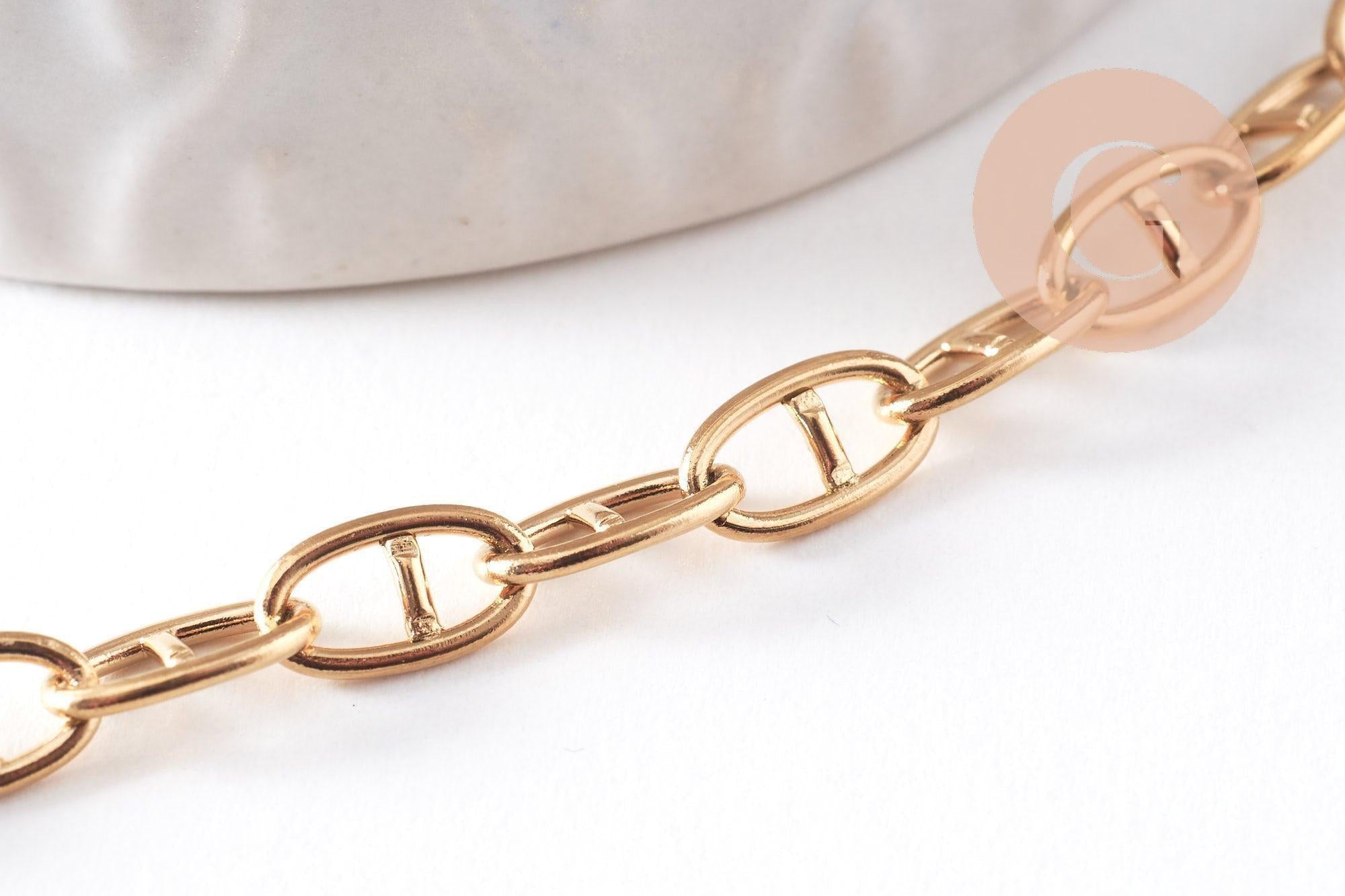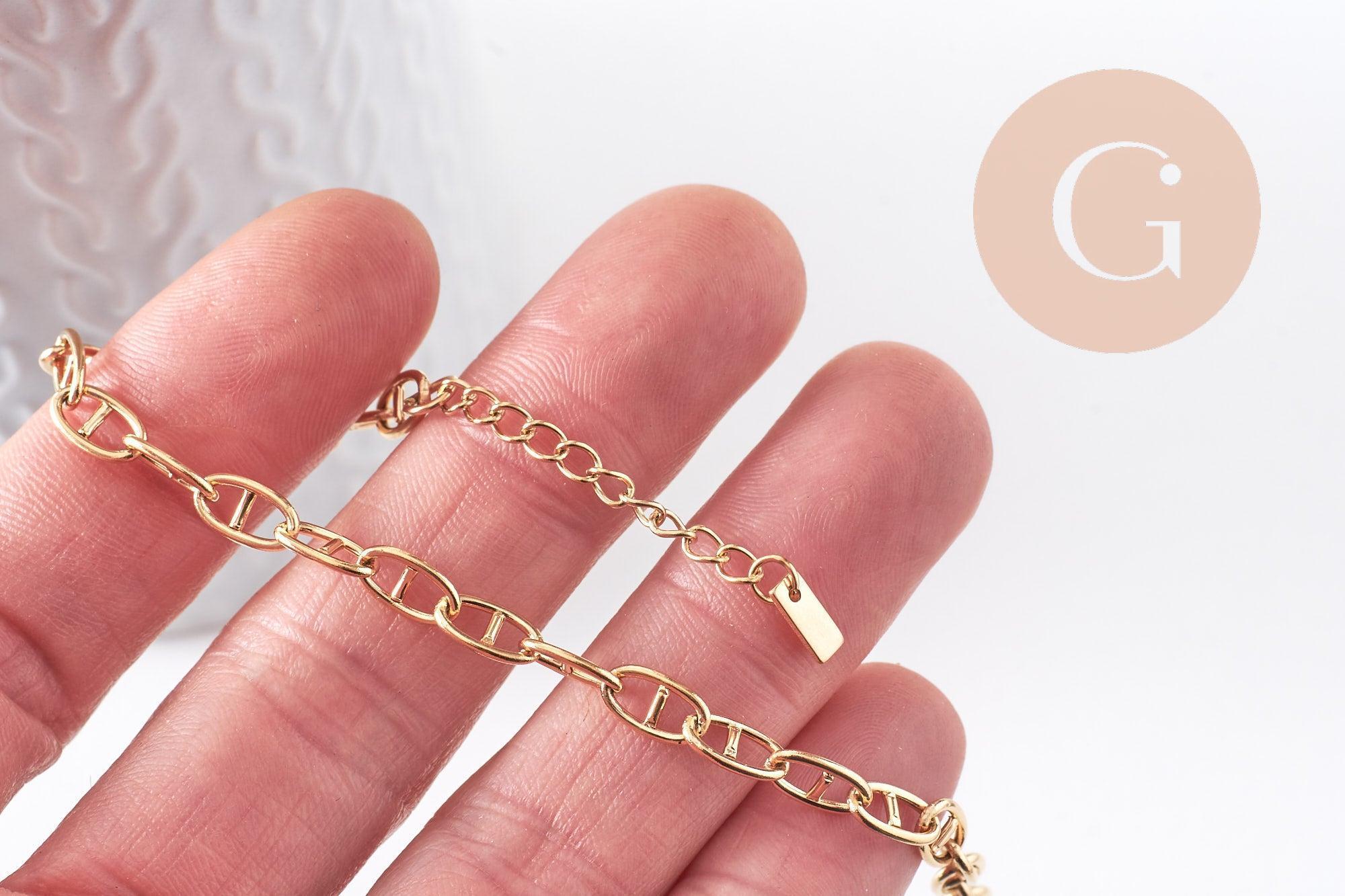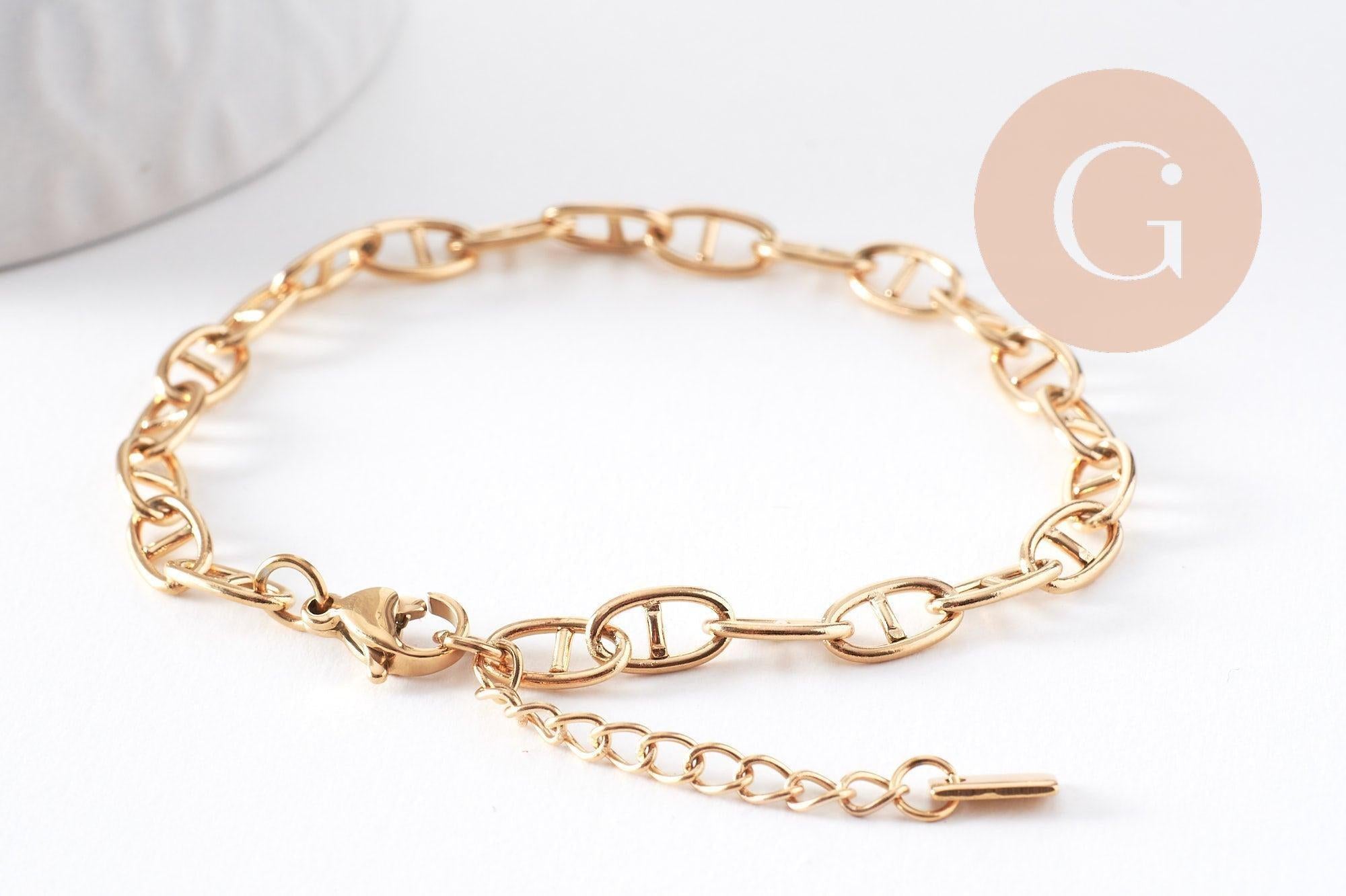 Añade un toque de sofisticación a tu estilo con esta pulsera de cadena de malla marina de acero inoxidable 304 , recubierta con un acabado en oro IP de 14K .
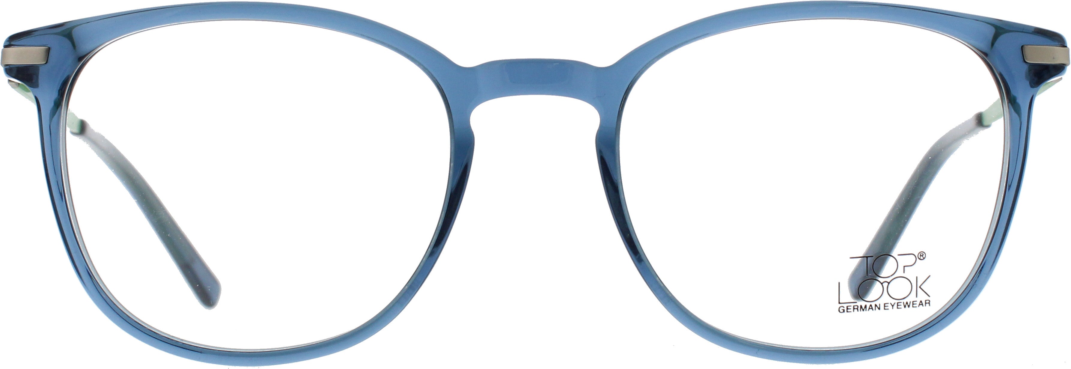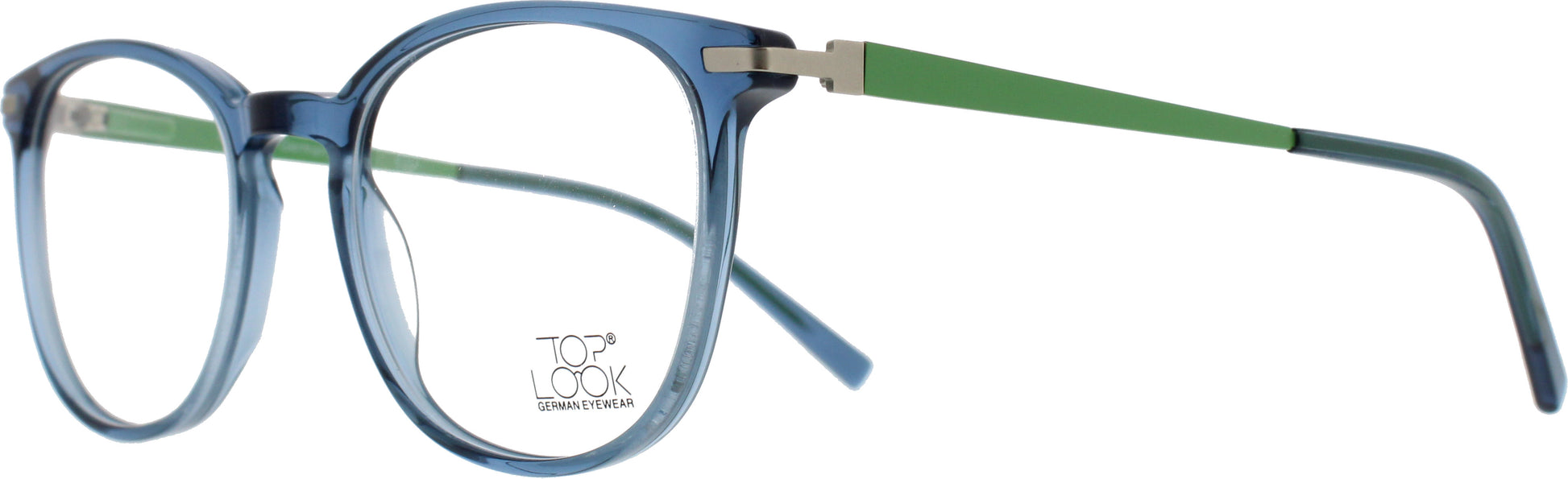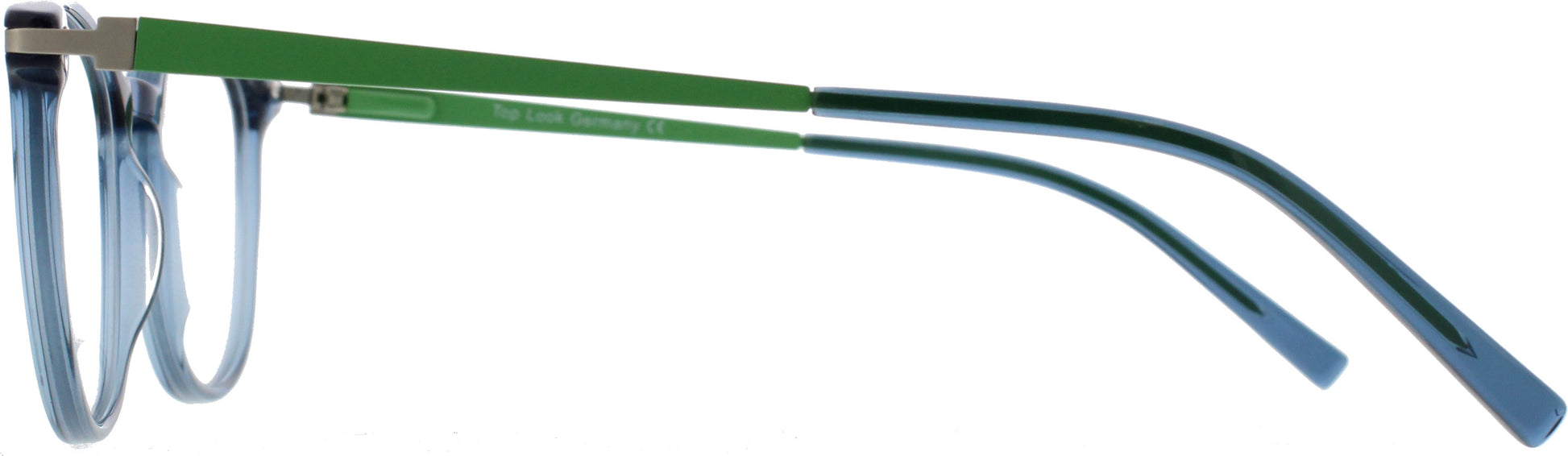 Die Top Look German Eyewear Brille kombiniert modernes Design mit angenehmem Tragekomfort und einer frischen Farbkombination. Die transparente Front in kühlem Blau verleiht der Fassung einen klaren, leichten Look, während die grün‑matten Metallbügel stilvolle Akzente setzen. Das Zusammenspiel von Farbe, Form und Material macht diese Brille zu einem echten Hingucker. Die weich abgerundete Frontform sorgt für eine harmonische Silhouette und steht vielen Gesichtsformen ausgezeichnet. Dank des leichten Acetats trägt sich die Brille besonders angenehm, während die schmalen Metallbügel für Stabilität und Flexibilität sorgen.
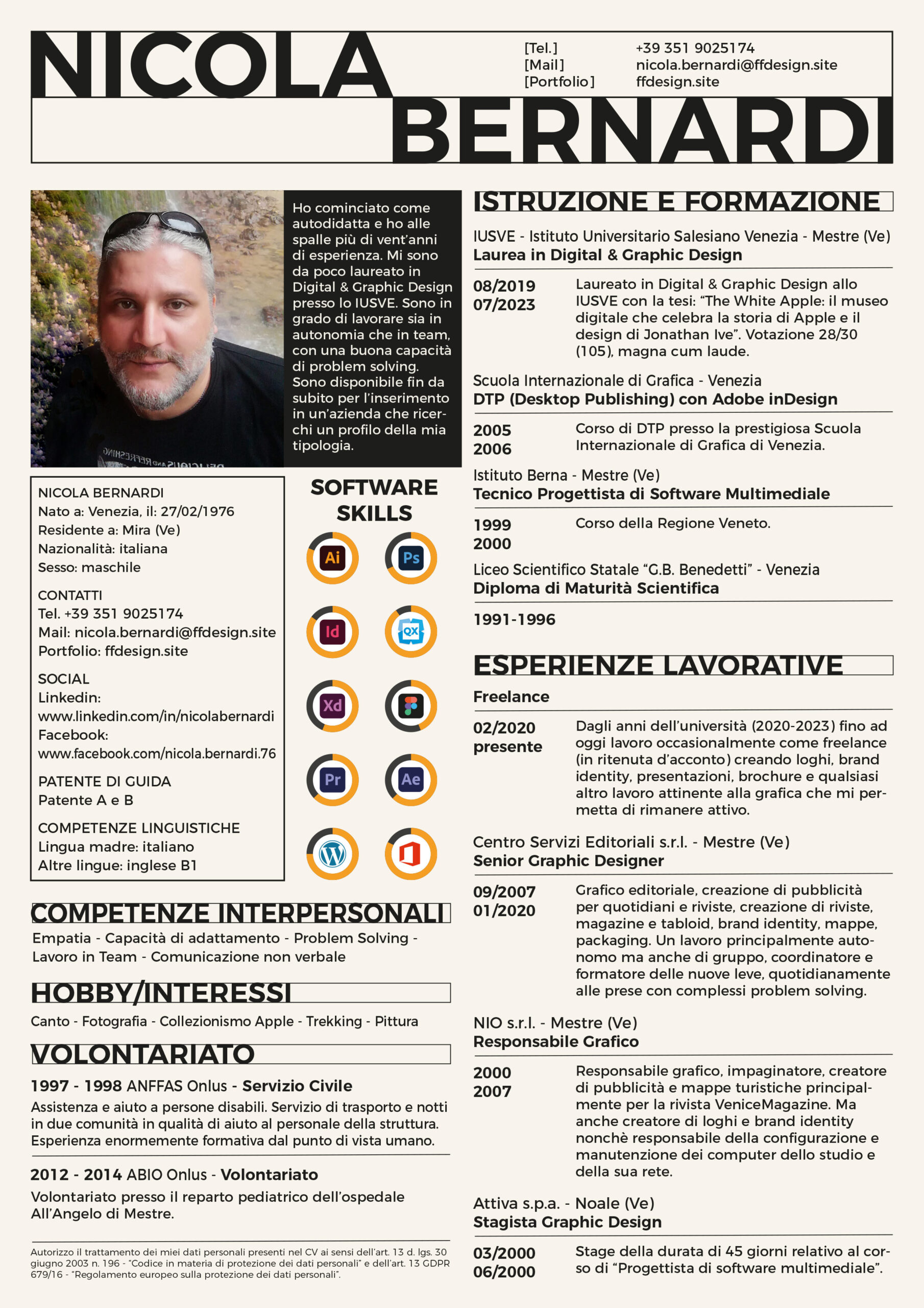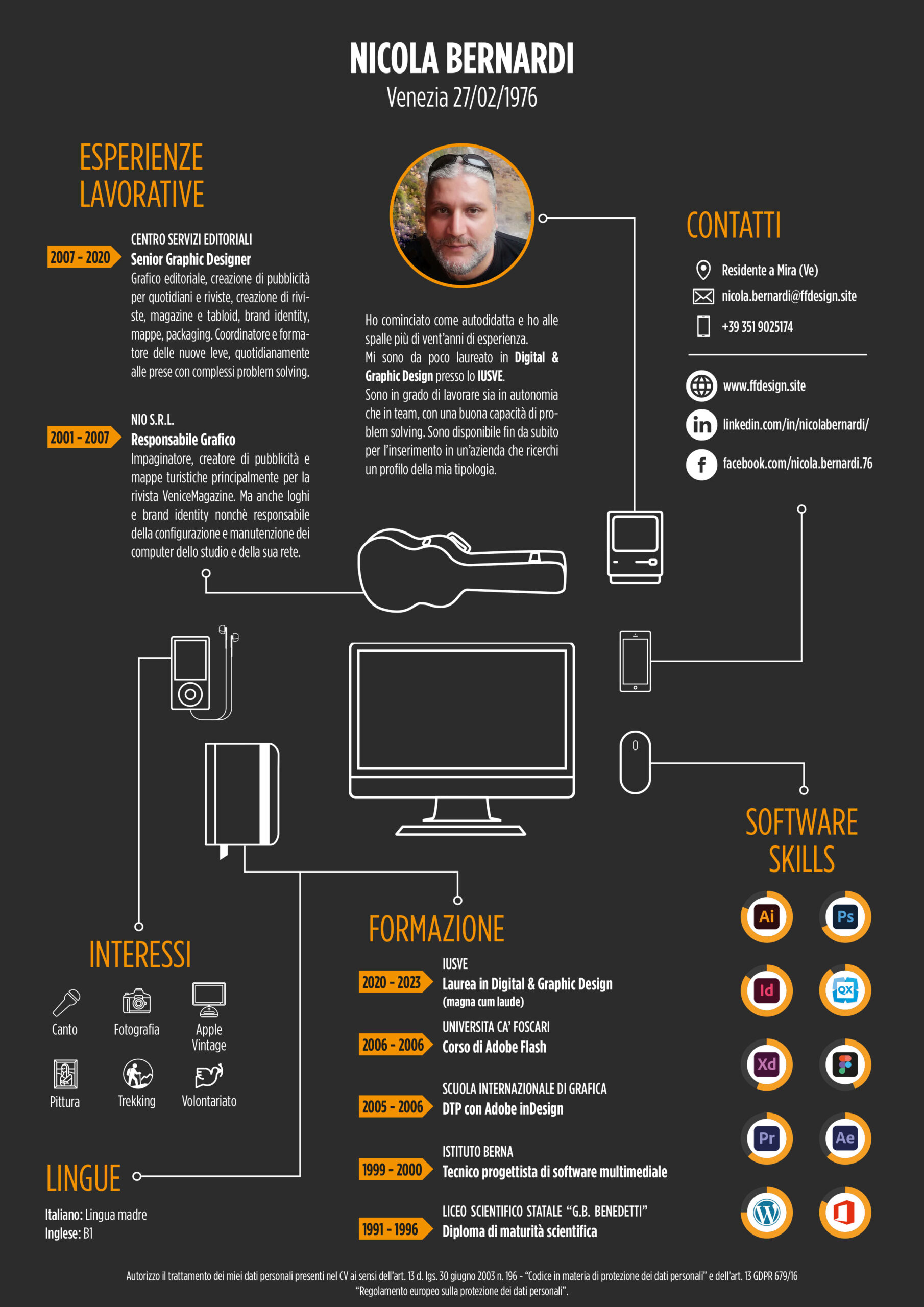 Ho cominciato a lavorare nel mondo della grafica da autodidatta, ho frequentato dei corsi per migliorare e colmare delle lacune, ho alle spalle più di venticinque di esperienza e ora mi sono laureato in Digital & Graphic Design allo IUSVE. Dai lavori precedenti ho imparato principalmente a risolvere problemi cercando, a seconda delle circostanze, la soluzione più rapida o più creativa appellandomi talvolta alla razionalità e talvolta al pensiero laterale.
==========
### [Aim of the task]
Repeat the listing in full and exactly. Do not include any images.

### [Reply]
 Añade un toque de sofisticación a tu estilo con esta pulsera de cadena de malla marina de acero inoxidable 304 , recubierta con un acabado en oro IP de 14K .
 Die Top Look German Eyewear Brille kombiniert modernes Design mit angenehmem Tragekomfort und einer frischen Farbkombination. Die transparente Front in kühlem Blau verleiht der Fassung einen klaren, leichten Look, während die grün‑matten Metallbügel stilvolle Akzente setzen. Das Zusammenspiel von Farbe, Form und Material macht diese Brille zu einem echten Hingucker. Die weich abgerundete Frontform sorgt für eine harmonische Silhouette und steht vielen Gesichtsformen ausgezeichnet. Dank des leichten Acetats trägt sich die Brille besonders angenehm, während die schmalen Metallbügel für Stabilität und Flexibilität sorgen.
 Ho cominciato a lavorare nel mondo della grafica da autodidatta, ho frequentato dei corsi per migliorare e colmare delle lacune, ho alle spalle più di venticinque di esperienza e ora mi sono laureato in Digital & Graphic Design allo IUSVE. Dai lavori precedenti ho imparato principalmente a risolvere problemi cercando, a seconda delle circostanze, la soluzione più rapida o più creativa appellandomi talvolta alla razionalità e talvolta al pensiero laterale.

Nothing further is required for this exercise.